=== ACTIVITY ===
Look below for the line containing "רישום בגרפיט על" and the line containing "Futuristic cityscape with", then set down both and every line between them exactly, without pictures.
-- Opening Marker --
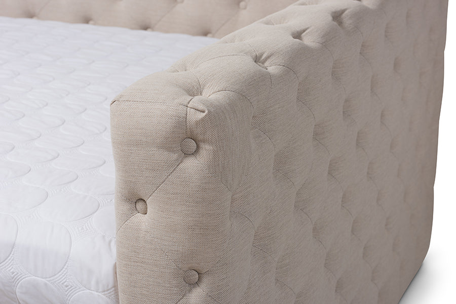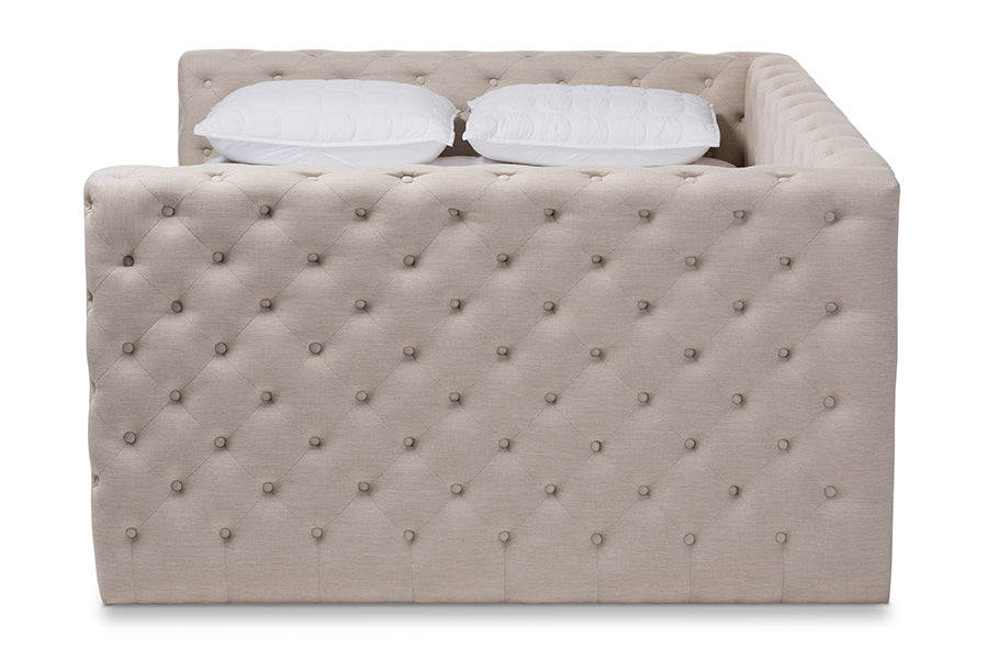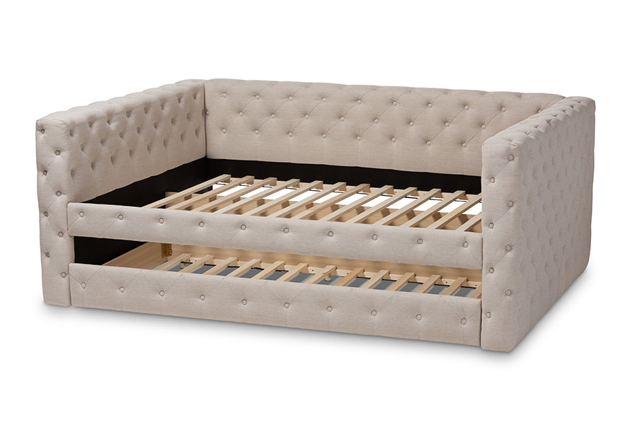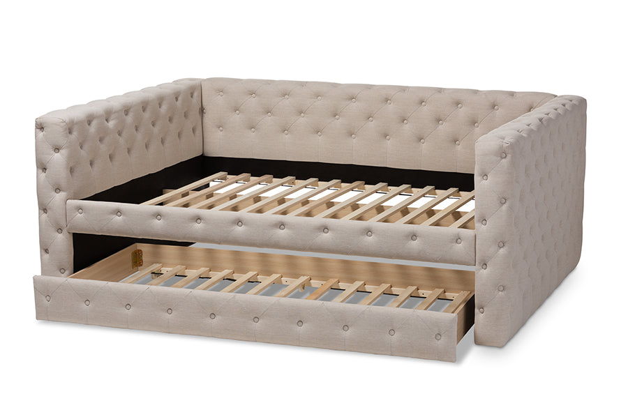 Baxton Studio Anabella Modern and Contemporary Light Beige Fabric Upholstered Queen Size Daybed with Trundle
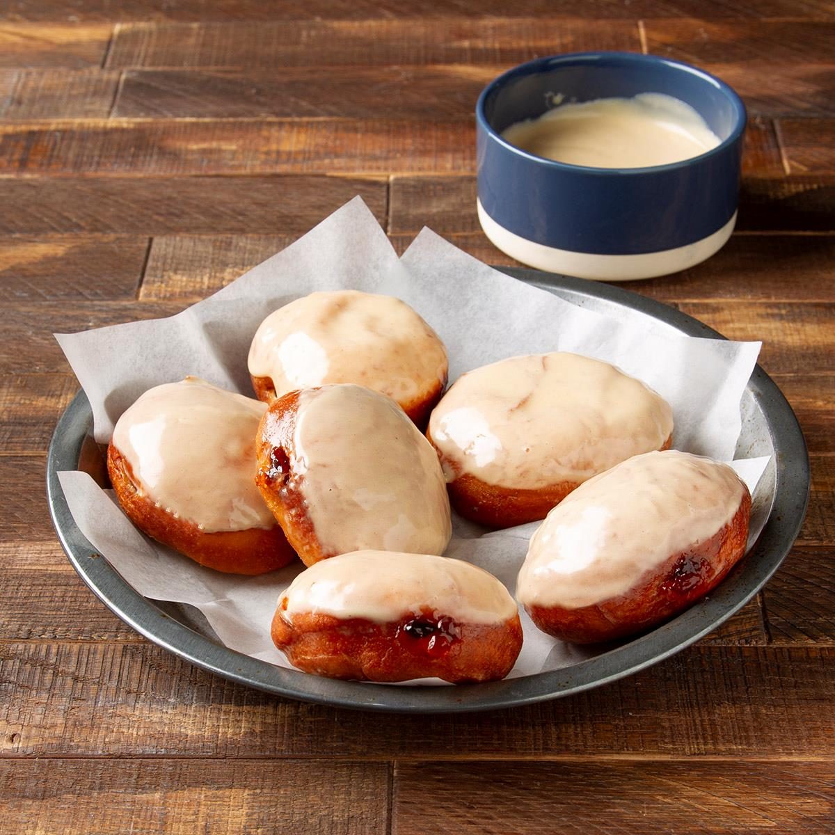 A classic jelly doughnut gets a fun twist with peanut butter glaze. No one will be able to resist these...
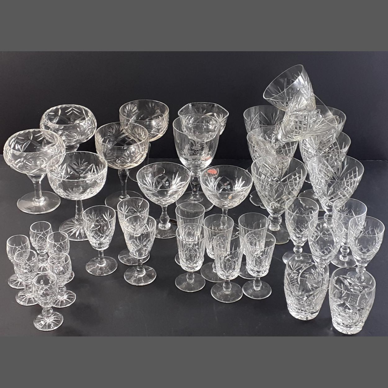 A box of assorted crystal glassware to include wine glasses, liqueur glasses, sherry glasses etc.
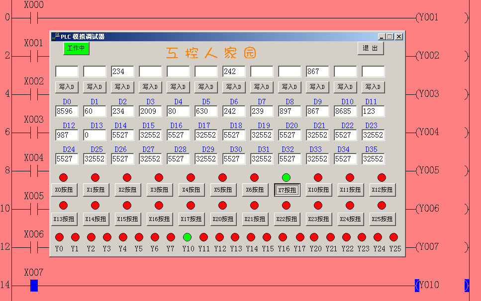 使用純軟體的方式來模擬PLC的動作 環境: GPPW+PLC調試模擬器. ^_^ 使用方法: 1 先開啟 GPPW 2 載入PLC程式 3 運行梯形圖邏輯測試啟動,即模擬運行 4 運行PLC調試模擬器 動作: 可對X輸入點進行按制,監控輸入輸出狀態、D數值輸入、輸出顯示。 目的: 方便同志們學習三菱PLC的學習和程序測試。 |
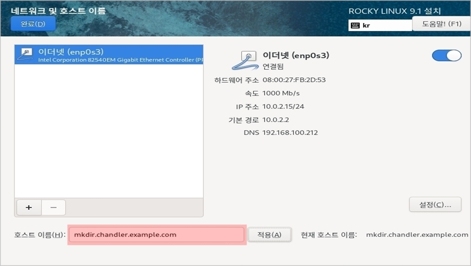 네트워크 인터페이스와 호스트네임을 설정하는 메뉴입니다. 네트워크 인터페이스는 사용할 수 있는 인터페이스가 자동으로 ON 설정이 되어 있습니다. 호스트네임만 하단에 입력하여 적용을 누르면 우측에 현재 호스트 이름에 입력한 호스트네임이 등록이 됩니다. 설정을 마무리한 다음 좌측 상단의 '완료' 버튼을 클릭합니다.
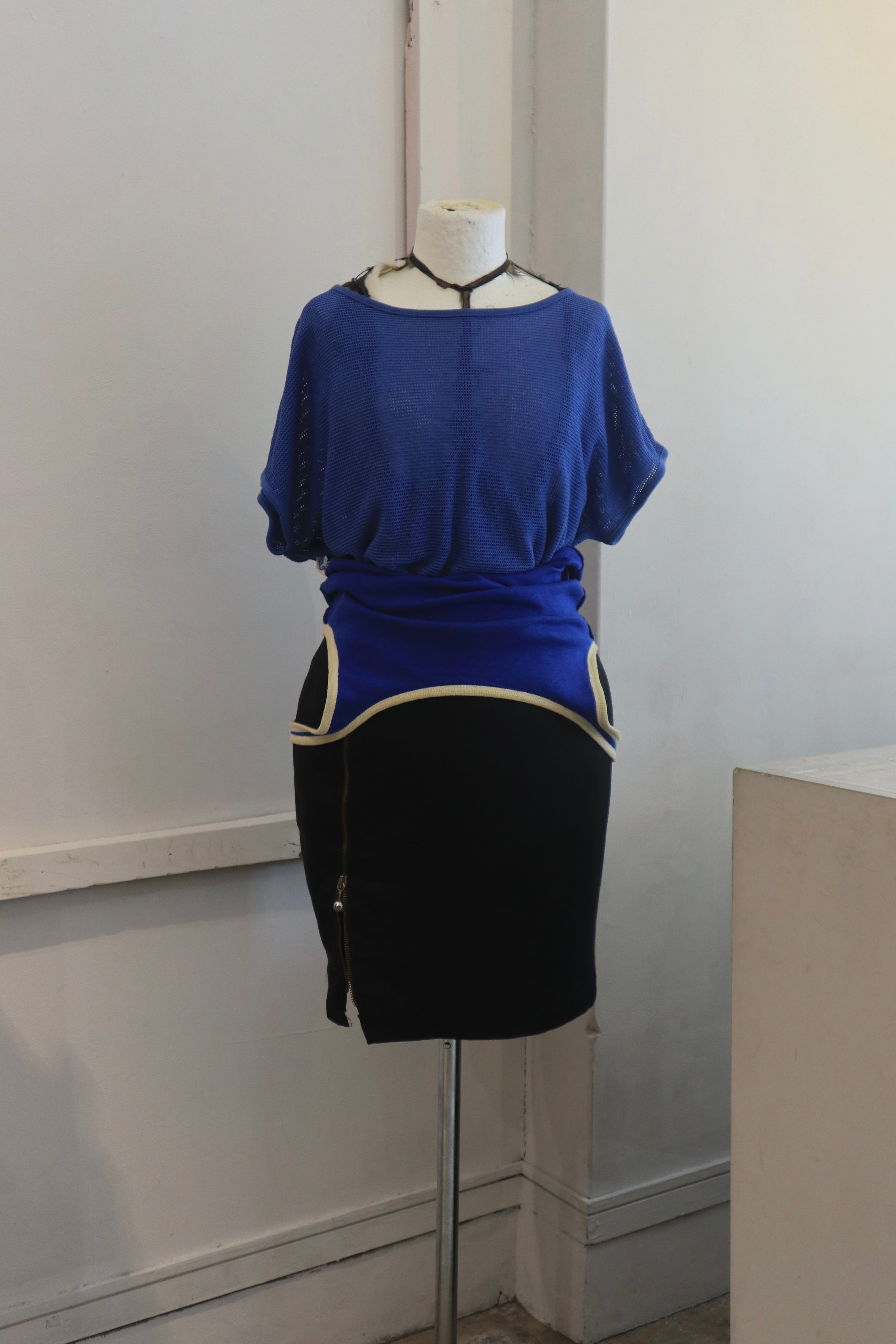 ストレッチの効いたくたっとやわらかな生地感とコンパクトなシルエットが身体にフィットし、ヘルシーでモードな雰囲気。
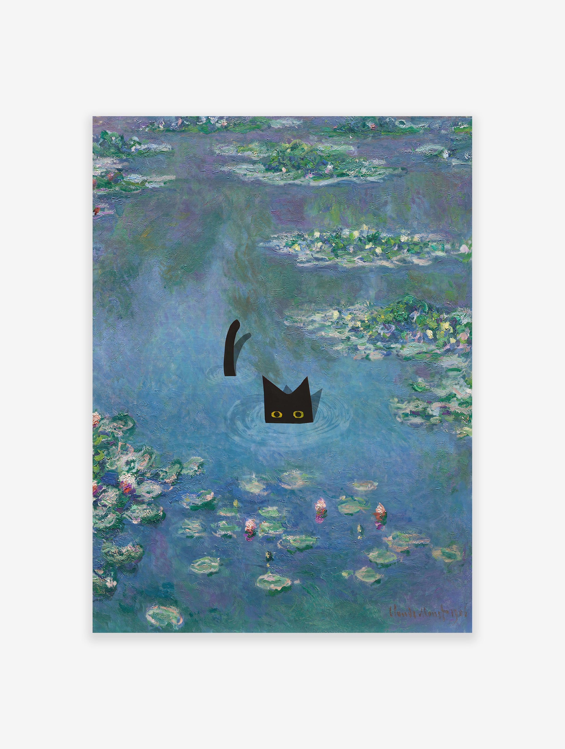 Add A touch of feline flair to your decor with this Funny Black Cat Poster, featuring a mischievous feline strolling atop waterlilies in a serene pond, inspired by Claude Monet's iconic artwork. Perfect for cat lovers and art enthusiasts alike, this poster brings together playful charm and artistic beauty to any space.
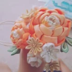絹素材は光沢や肌ざわりが素晴らしく、出来上がりに品をプラスしてくれる。着物にはさみを入れる事は、作った職人さんに申し訳なく感じて勇気がいるが、着てもらえず丸めて売り場におかれているのは可哀想。四角く刻まれ、つままれ、糊に浸されたけれど、生まれ変わってかんざしや花束、インテリアになった姿もまた格別に良いと思う。着物を作ってくれた職人さんのためにも布の色柄、素材を生かした作品作りを目指したい。
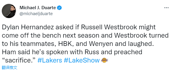 今日湖人新帅哈姆透露他已经和威少聊过了,直言威少是联盟历史上最出色的球员之一,与此同时,哈姆希望威少能在新赛季做出牺牲并且打出总冠军级别的防守。
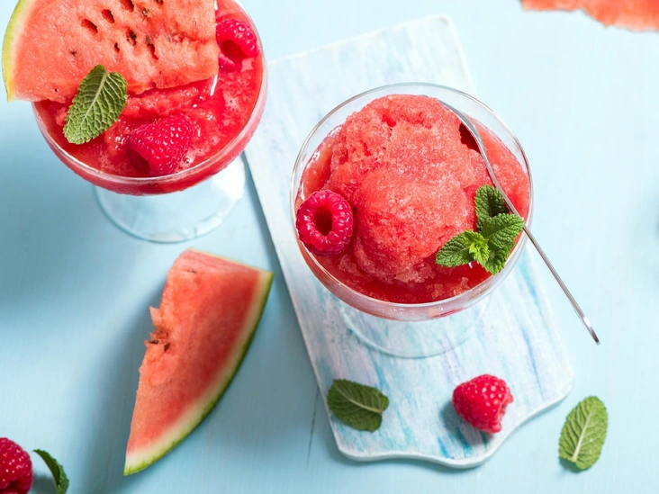 Мятная гранита с арбузом и малиной
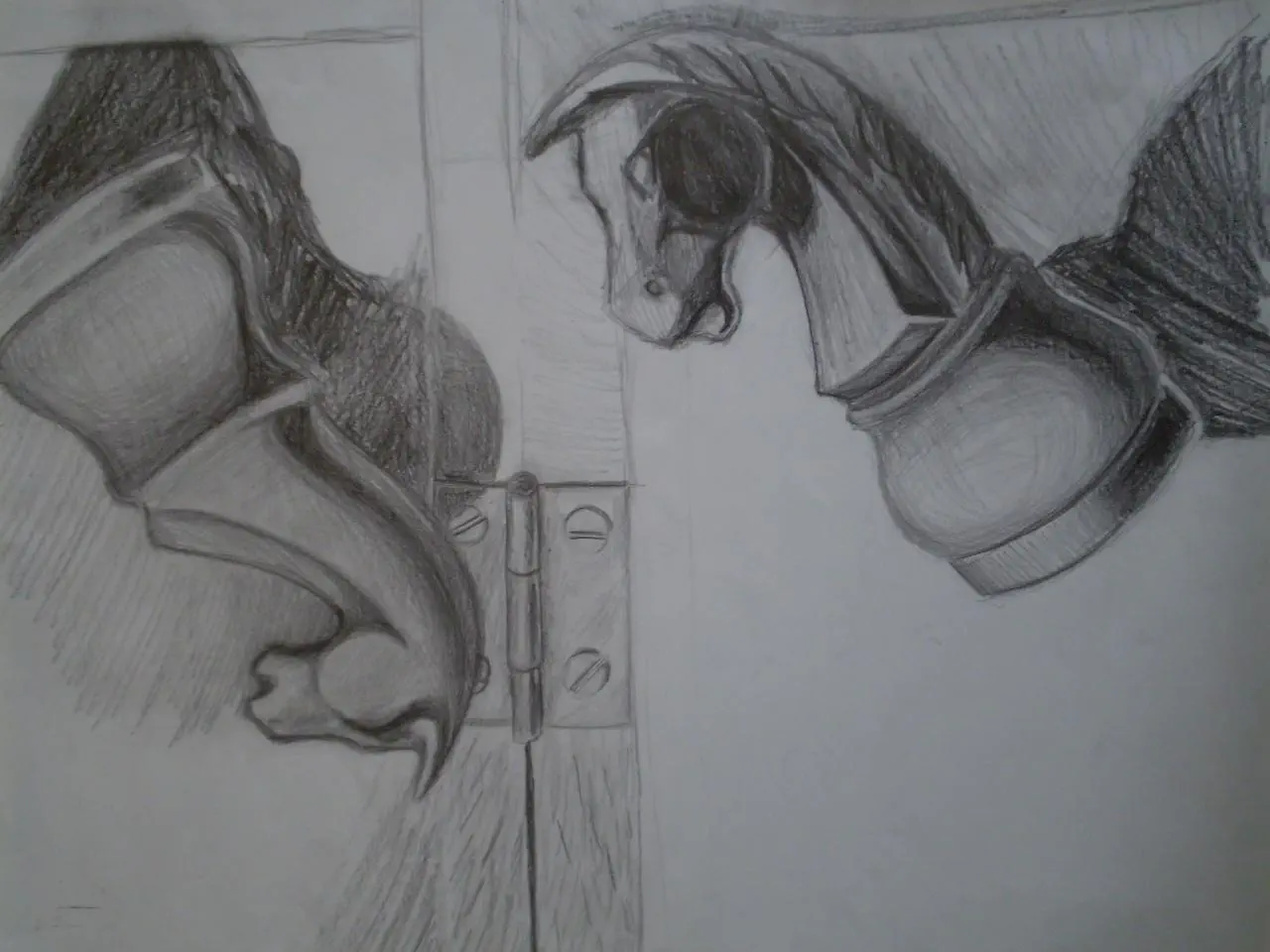 רישום בגרפיט על נייר. גודל 50 על 70. עבודה שעשיתי מזמן במסגרת מגמת אומנות. המודל היה לוח שחמט פתוח ושני סוסי שחמט.
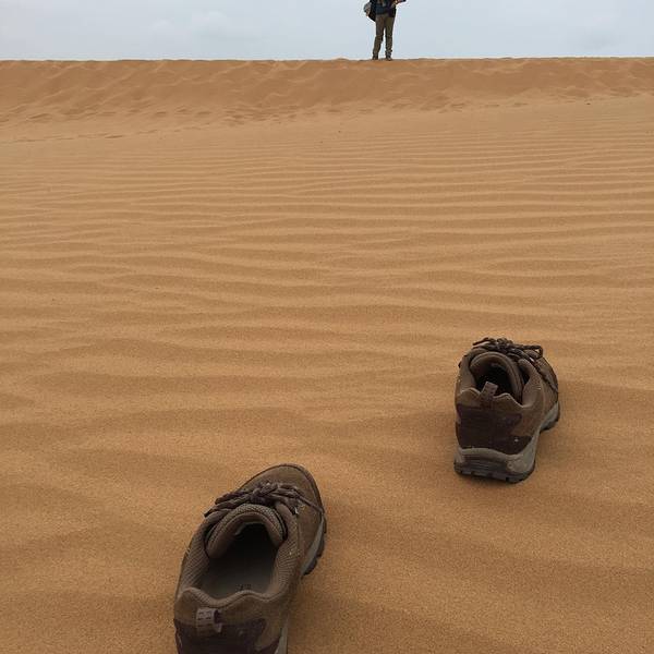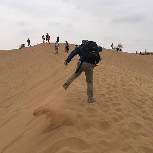當天中衛的天還是陰沉沉的,問當地的人,會不會下雨,當地人說這個天氣好呀,不然又熱又曬,沙子還燙腳,而且根本不用擔心下雨的問題,沙漠之所以會成為沙漠是有道理的,天吶,絕壁真理呀。
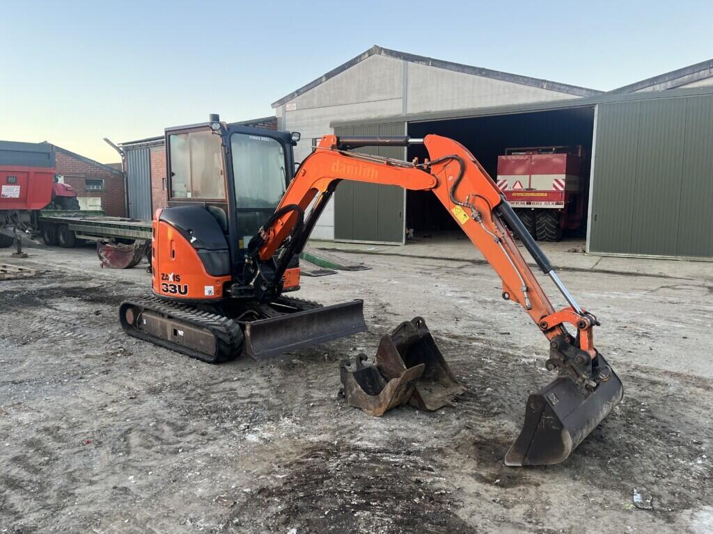 Mini pelle hitachi 3,5 tonnes avec 3 godet curage de 1m30, tranchet de 55 et 30 cm
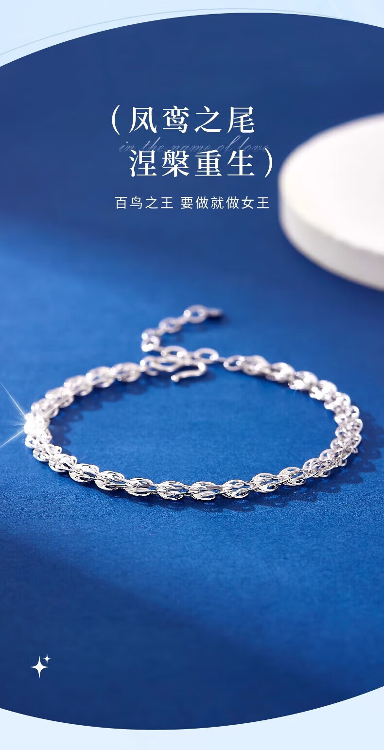Lao Fengxiang PT950 Platinum Phoenix Tail Bracelet 2025 New Hand Jewelry Platinum Valentine's Day Birthday Gift for Girlfriend and Wife Platinum Phoenix Tail Bracelet About 2.6g Brand Gift Box
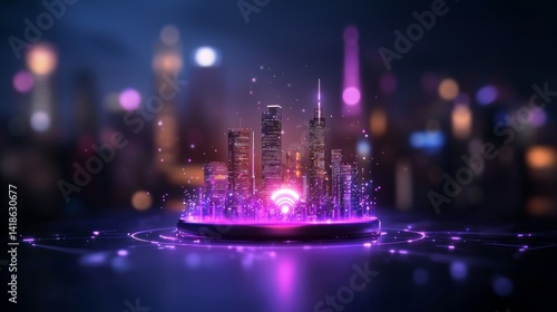 Futuristic cityscape with glowing Wi-Fi symbol
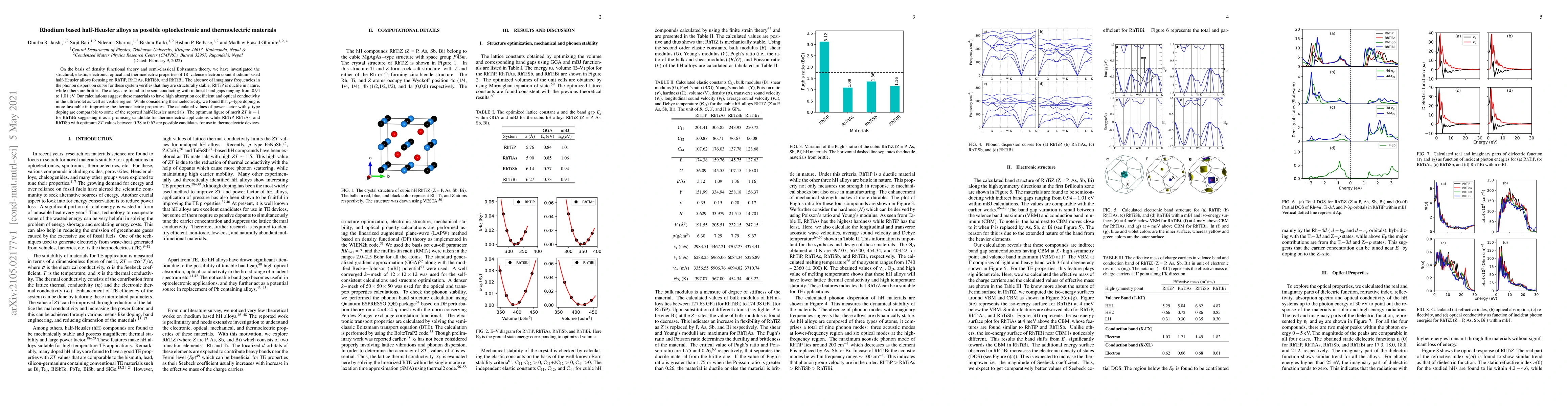 This study investigates the structural, electronic, optical, and thermoelectric properties of rhodium-based half-Heusler alloys using density functional theory. The materials show promising semiconducting behavior with high absorption and optical conductivity, and RhTiBi exhibits a figure of merit (\zt) of ~1, indicating potential for thermoelectric applications.
-- Closing Marker --
=== EXERCISE RESPONSE ===
 רישום בגרפיט על נייר. גודל 50 על 70. עבודה שעשיתי מזמן במסגרת מגמת אומנות. המודל היה לוח שחמט פתוח ושני סוסי שחמט.
當天中衛的天還是陰沉沉的,問當地的人,會不會下雨,當地人說這個天氣好呀,不然又熱又曬,沙子還燙腳,而且根本不用擔心下雨的問題,沙漠之所以會成為沙漠是有道理的,天吶,絕壁真理呀。
 Mini pelle hitachi 3,5 tonnes avec 3 godet curage de 1m30, tranchet de 55 et 30 cm
Lao Fengxiang PT950 Platinum Phoenix Tail Bracelet 2025 New Hand Jewelry Platinum Valentine's Day Birthday Gift for Girlfriend and Wife Platinum Phoenix Tail Bracelet About 2.6g Brand Gift Box
 Futuristic cityscape with glowing Wi-Fi symbol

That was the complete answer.